QUOTE(rokco2 @ Mar 15 2007, 02:06 PM)

2.) remove that damn resistor and risk to crash that 1 week old 360 mobo
If you are reasonably competent at soldering and have a soldering iron with a proper small point tip, it's not particularly difficult to remove the resistor. Just be slow and patient, don't force it, don't overheat the board surrounding it, and it will come off eventually. There are other components near it, but not on all sides, so it's possible to get the iron tip in there without a great risk. Trickier would be putting it back on, if a future update requires the eFuses to be functional - the resistor is too small to put it back as is without considerable skill, you'd probably end up attaching some small flyleads with a larger scale component on. The resistor is 10K ohms, btw, if it comes to that

I have no idea whether the risk/effort is worth the potential reward, tbh.
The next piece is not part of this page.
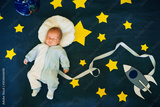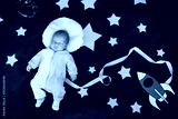 little boy baby sleeping in a suit of the astronaut on the background of the starry sky

I had mine removed because I had a skilled friend to do the soldering, because I'm an optimist and I like messing with odd platforms, and because I have a reasonable technical proficiency which might make even a hack with limited mass appeal useful/interesting to me.
QUOTE(Wolves @ Mar 15 2007, 03:59 PM)

Damn, why is everyone so excited about XBMC?
Because XBMC is really useful and cool, and the original Xbox's hardware limits its capabilities; most obvious example, the CPU is not powerful enough to decode most HD-resolution stuff. XBMC is far more useful to most normal people than, say, a Linux port, even though porting Linux to it is pretty cool.